# [Excerpted data]
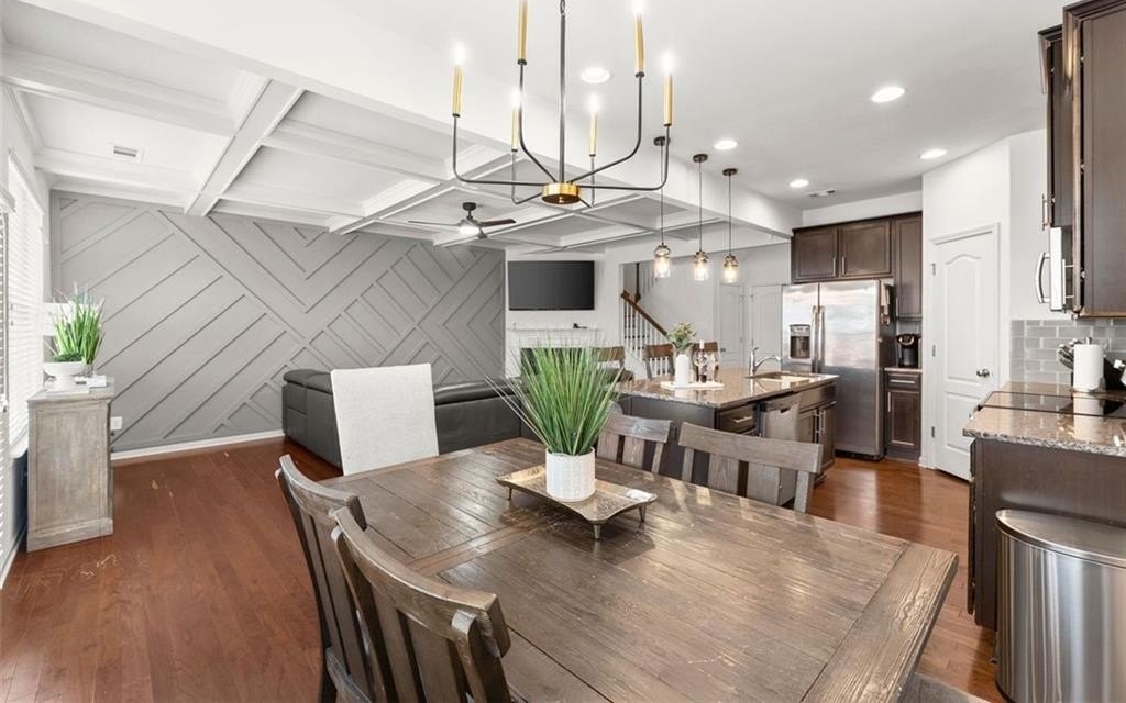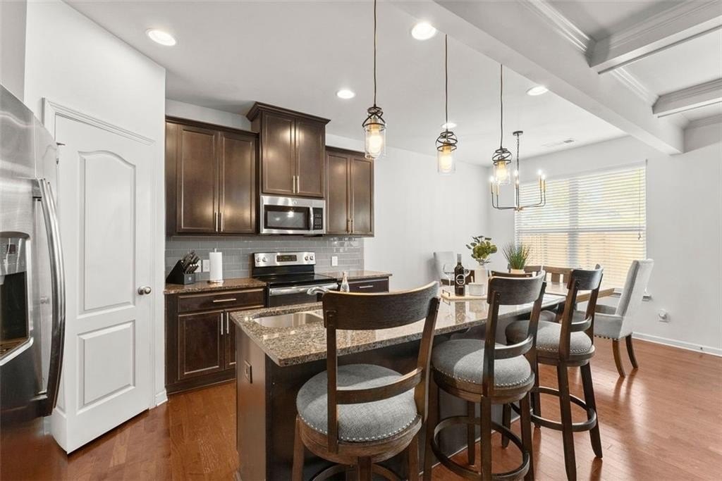 ake a tour of this spacious townhome in a beautiful swim/tennis community featuring 3 bedrooms, 2 1/2 baths, and a FENCED BACKYARD! This home has updated finishes with modern lighting and a dramatic living room accent wall. The extended foyer leads to an open-concept design that seamlessly connects the spacious kitchen with lots of cabinetry, walk-in pantry, dining area with seating for up to 6 persons, and living room with fireplace-perfect for relaxing or entertaining. You'll also find the powder room on this level, along with a 2-car garage. Upstairs, you’ll find three generously sized bedrooms and two full bathrooms as well as the laundry room. The stunning oversized primary suite offers a sitting area, spacious walk-in closet, en-suite bathroom with dual sinks and separate soaking tub and shower. The HOA covers both front and backyard lawn care, amenities and pest control. The community amenities include swimming pool, tennis courts, clubhouse and sidewalks, grass areas, park benches and guest parking in this well-kept community. The location is ideal within just minutes to Hartsfield-Jackson Airport, shopping, dining, parks and major highways, as well as close proximity to Trilith in Fayetteville for easy entertainment! If you're looking for a low maintenance home at a great price, without the brand new price tag, this move-in-ready townhome checks all the boxes!
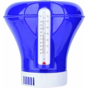 Description: Swimming pools are great fun during the summer, but they also need to be properly cleaned and maintained to keep them safe and sanitary all season long. Regular maintenance is tedious and time consuming, but it's easy to do with our floating chlorine dispenser with a built-in thermometer, so you can spend less time working and more time swimming. Features: < br/> - Color: White, Blue - Material: Plastic - Size 5INCH: height: 132mm, diameter: 125mm, bottom diameter: 45mm, suitable for 1- 5 Price.. 8inch: height: 183.5mm, diameter: 176mm, bottom diameter: 85mm, suitable for 3 shelves.. - Application: This dispenser works for floor standing pools, above ground pools and spas and comes with an adjustable chlorine outlet vent that can be set as desired. - Function: This floating chlorine dispenser is designed for use with tabs to provide a constant stream of chlorine in your pool or spa. - With thermometer: the built-in thermometer reads temperatures in ℉ and ℃. - Hassle free:
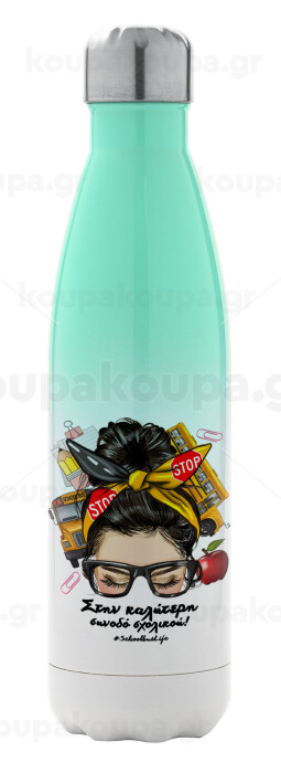 Στην καλύτερη συνοδό σχολικού!, Μεταλλικό παγούρι θερμός Πράσινο/Λευκό (Stainless steel), διπλού τοιχώματος, 500ml
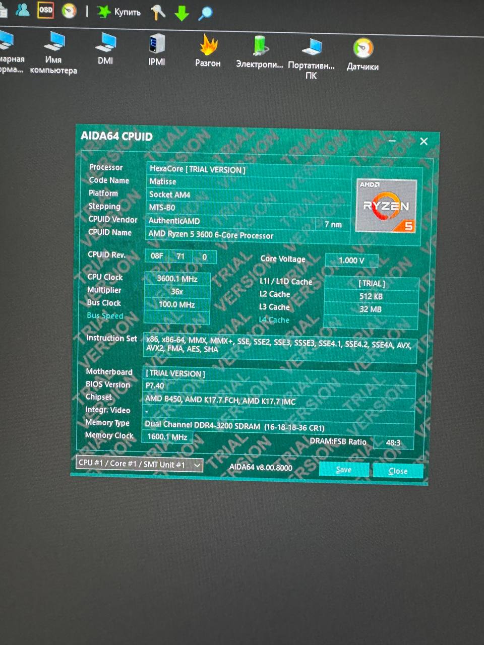 • Процесор: AMD Ryzen 5 3600
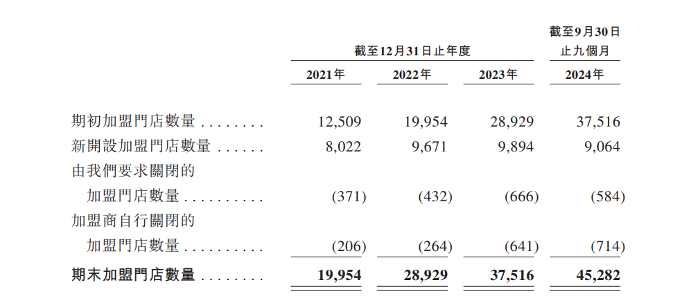 招股書顯示,2021年至2024年前9個月,蜜雪冰城關閉的加盟門店數(shù)量分別為577家、696家、1307家及1298家。其中,加盟商自行關閉的加盟店數(shù)量持續(xù)增加,分別為206家、264家、641家、714家。雖然數(shù)量在增加,但關閉門店在其整體門店中的占比并不高。
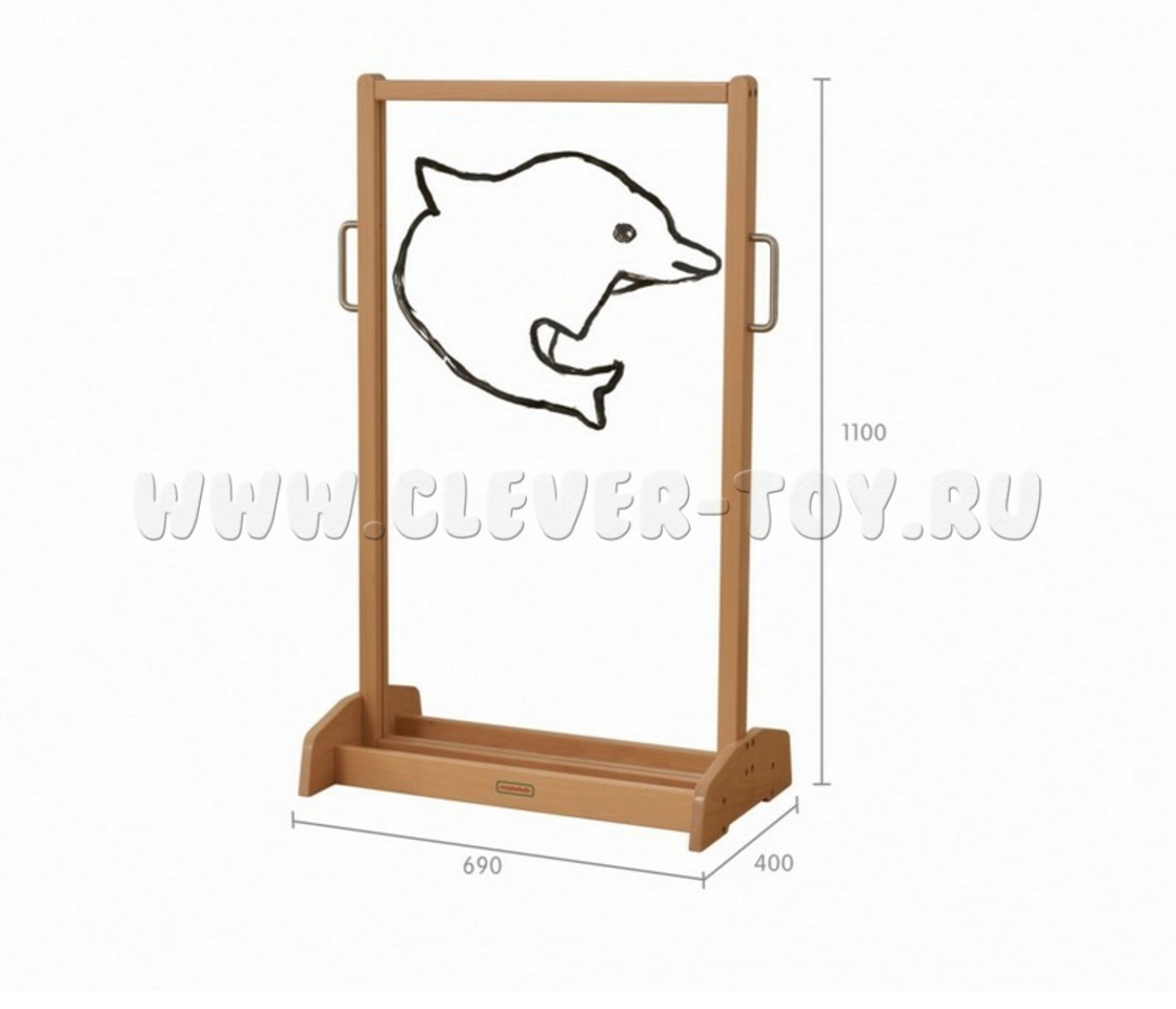 Двусторонний напольный мольберт для создания творческих работ с использованием красок или маркеров на водной основе. Рамка и основание выполнены из массива бука (который долго прослужит), поверхность для рисования - из акрилового стекла. В основании с двух сторон имеются выемки для стаканов, красок и кисточек. По бокам имеются удобные металлически ручки для переноски, что позволяет размещать мольберт в любом месте.
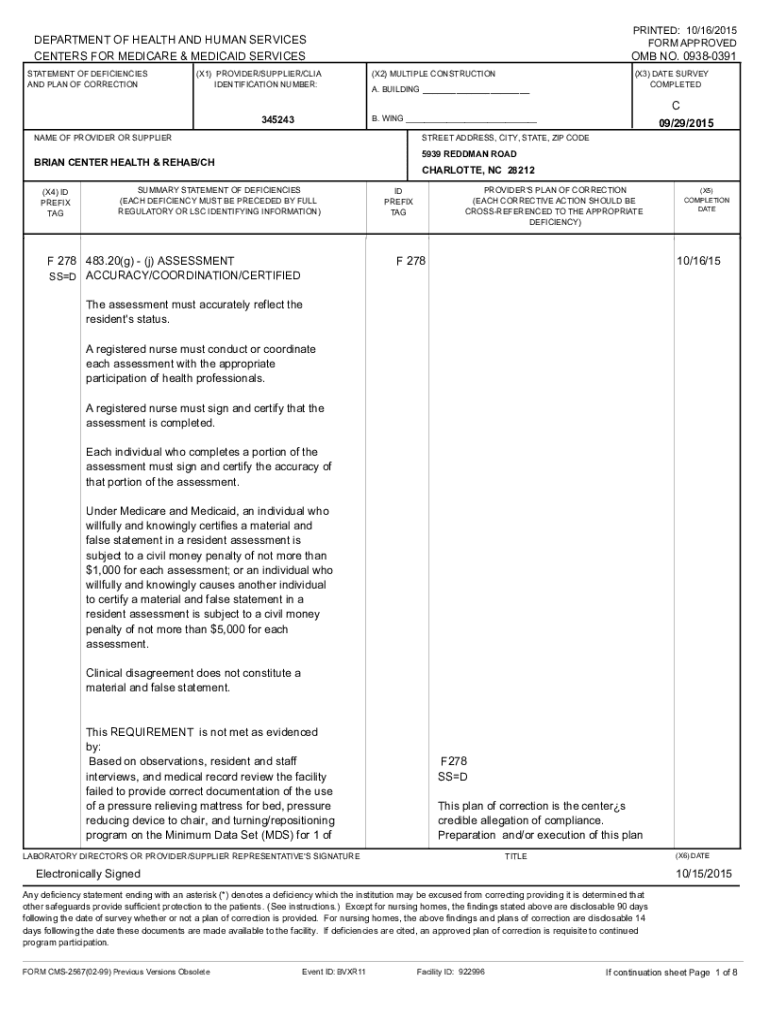 PRINTED: 10/16/2015 FORM APPROVEDDEPARTMENT OF HEALTH AND HUMAN SERVICES CENTERS FOR MEDICARE & MEDICAID SERVICES STATEMENT OF DEFICIENCIES AND PLAN OF CORRECTION(X1) PROVIDER/SUPPLIER/CIA IDENTIFICATION
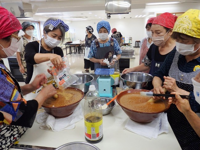 材料に山香産のにんにくや女性部の加工部が作った味噌を使用し、部員同士で混ぜる場面では香りを楽しみ、保存期間について確認しあうなど明るい声で賑わいました。

# [Assignment]
Please copy out from the data above, without any picture, exactly the lines running from the one that holds "招股書顯示,2021年至20" through the one that holds "PRINTED: 10/16/2015 FORM", and nothing beyond them.

# [Result of the exercise]
 招股書顯示,2021年至2024年前9個月,蜜雪冰城關閉的加盟門店數(shù)量分別為577家、696家、1307家及1298家。其中,加盟商自行關閉的加盟店數(shù)量持續(xù)增加,分別為206家、264家、641家、714家。雖然數(shù)量在增加,但關閉門店在其整體門店中的占比并不高。
 Двусторонний напольный мольберт для создания творческих работ с использованием красок или маркеров на водной основе. Рамка и основание выполнены из массива бука (который долго прослужит), поверхность для рисования - из акрилового стекла. В основании с двух сторон имеются выемки для стаканов, красок и кисточек. По бокам имеются удобные металлически ручки для переноски, что позволяет размещать мольберт в любом месте.
 PRINTED: 10/16/2015 FORM APPROVEDDEPARTMENT OF HEALTH AND HUMAN SERVICES CENTERS FOR MEDICARE & MEDICAID SERVICES STATEMENT OF DEFICIENCIES AND PLAN OF CORRECTION(X1) PROVIDER/SUPPLIER/CIA IDENTIFICATION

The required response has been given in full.